As I walked through the park, I saw one elderly gentleman climbing a ladder with a screwdriver and an adjustable wrench in his back pockets. I thought “What in the world?” I walked over and asked him what was he planning on doing. He said there was a large section of his roof broken off and hitting against the top of his coach making noise and he can’t sleep. So I asked him how about letting me give it a go. I told him I was bored and needed a job, so he backed off the ladder and told me to go ahead. I was able to take care of the problem and when I came down off the ladder, he was handing me money. I was almost insulted. Why do people think everyone that does a nice thing for them wants paid? I refused the money and he thanked me and I left. His neighbor told me that the man was 82 years old. I found plenty to do and helped those that I could, but now am leaving later tonight. Tommy is all set, so I can go home. I am no different than most of us. We see a neighbor needing help, we try to help them.

One lady asked me if I can fix her awning that hung over the front of her home. I took a look at it and saw that the wind must have grabbed the awning and tried to rip it off because some of the screws were pulled out. I asked her if she had any screws and of course, she didn’t. Lowes is about 7-8 miles away, so I told her I would be back. As I was leaving the park, there was a man on top of a roof starting a repair job.
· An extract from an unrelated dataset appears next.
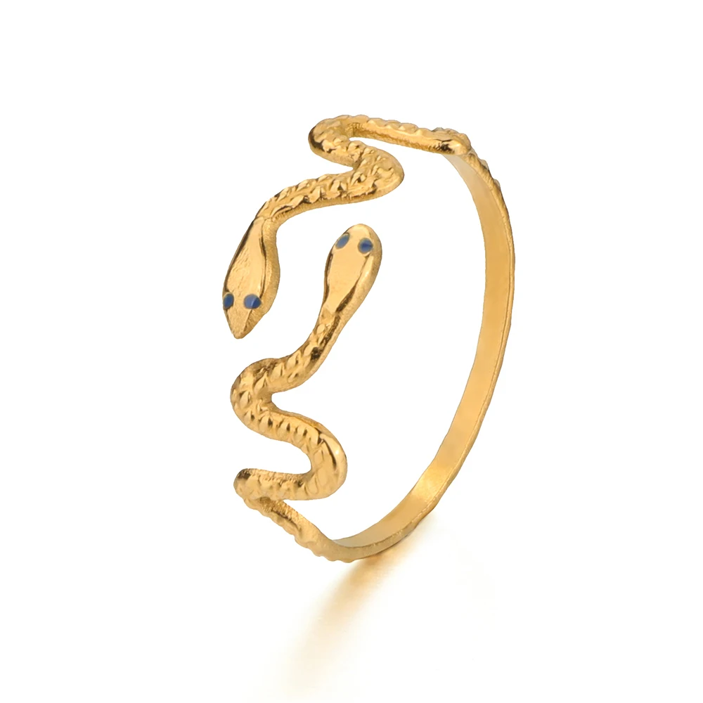 Open Cuff Snake Finger Ring Real 18K Gold Plated Stainless Steel Fashion Jewelry Dripping Oil for Women Wedding Engagement Party

His truck read “Anderson’s Sheet Metal.” I stopped and told him what I was trying to do and if he had a few screws I could buy. He handed me a handful of screws and said “You’re welcome.” I said thanks and went back to where I was working and fixed the awning. Again, here comes the money. I looked at her and smiled and told her to have a nice day.

Right now, it’s difficult to find repair people. It was nice to see neighbors helping each other.


----------



## JustBonee (Oct 6, 2022)

Lawrence00 said:


> Anyone seen any video on how the hurricane proof houses faired against Ian?
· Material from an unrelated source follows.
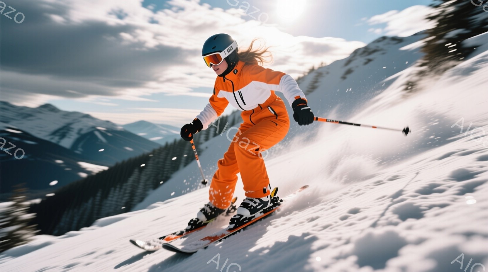 オレンジ色のスキーウェアに身を包んだ女性が、雪山を滑走している。髪は後ろで三つ編みにされ、ヘルメットとゴーグルを着用し、スピード感あふれる滑りをしている。背景には雪をまとった山々が広がり、晴天のもと、爽やかな冬の雰囲気が漂っている。

Called Babcock  Ranch ...  they are inland about 30 miles for Ft. Myers,  but didn't have any damage and never lost power. 

_In 2018, Wilkerson became one of the first 100 residents of Babcock Ranch — an innovative community north of Fort Myers where homes are built to withstand the worst that Mother Nature can throw at them without being flooded out or losing electricity, water or the internet.
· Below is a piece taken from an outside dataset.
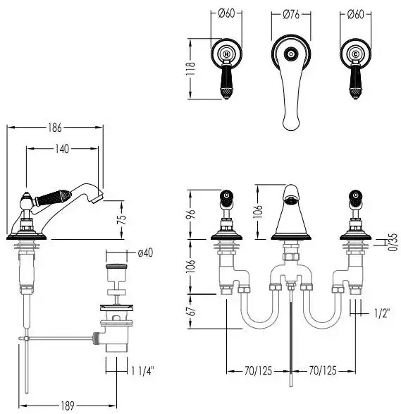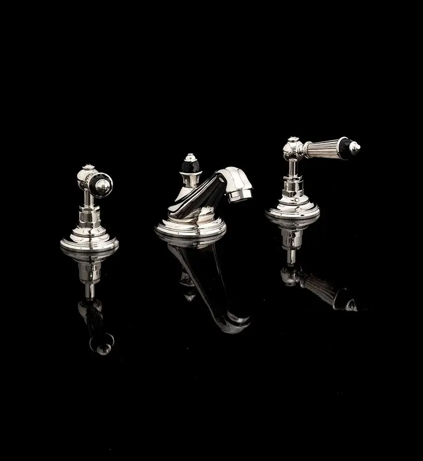 Devon&Devon Black Diamond Смеситель для раковины на 3 отв., с донным клапаном, с декоративными элементами черного цвета, цвет: хром

The community is located 30 miles inland to avoid coastal storm surges. Power lines to homes are all run underground, where they are shielded from high winds. Giant retaining ponds surround the development to protect houses from flooding. As a backup, streets are designed to absorb floodwaters and spare the houses._

more in the link below ........

https://www.iowapublicradio.org/new...-hurricanes-endured-ian-with-barely-a-scratch


----------



## Been There (Oct 6, 2022)

I don’t know if this is true or just what is or isn’t so. As I was helping put a tarp on a roof of my friend’s neighbor’s home, a cop came through and stopped at the front of the home. He asked whose vehicle this was. I told him it was mine. What have I done. He said nothing, but I saw your license plate frame and thought I would just say ‘hi’ to a fellow Marine. That started about a 45 minute conversation.

Fast forward, I told him about my friend’s house and no insurance and he told me that only about 25% Florida homeowners have insurance and that those with flood insurance were even less. I will have to research this to find out because I find it hard to imagine that his information can be correct. He also told us that some insurance companies are already complaining that they may run out of money. To me, this just doesn’t add up.

If this is true, I would think there will be some good deals on homes in the area shortly.

Jimmy called me just awhile ago and said that hotel rooms in Florida are at a premium right now. Very scarce to find. There are a lot of out of state contractors (supposedly) in the area of the hurricane’s path. How many are legit, your guess is as good as mine. My friend told me he likes where FEMA put him up and he was going to look at the 4 homes in the park that are up for sale. He said 2 of the 4 have no damage, 1 has very minimal damage and 1 is a forget it.


----------



## JustBonee (Oct 6, 2022)

> _*Fast forward, I told him about my friend’s house and no insurance and he told me that only about 25% Florida homeowners have insurance and that those with flood insurance were even less.*_


????
Question for you @Been There  ... or anyone in Florida

...  how can it be that people in Florida (and probably other states  too) do  not have to buy homeowners insurance?  Is it not mandatory there?
... And then not also  have flood insurance in areas  that flood...   
Doesn't the state  and/or   mortgage companies require it? 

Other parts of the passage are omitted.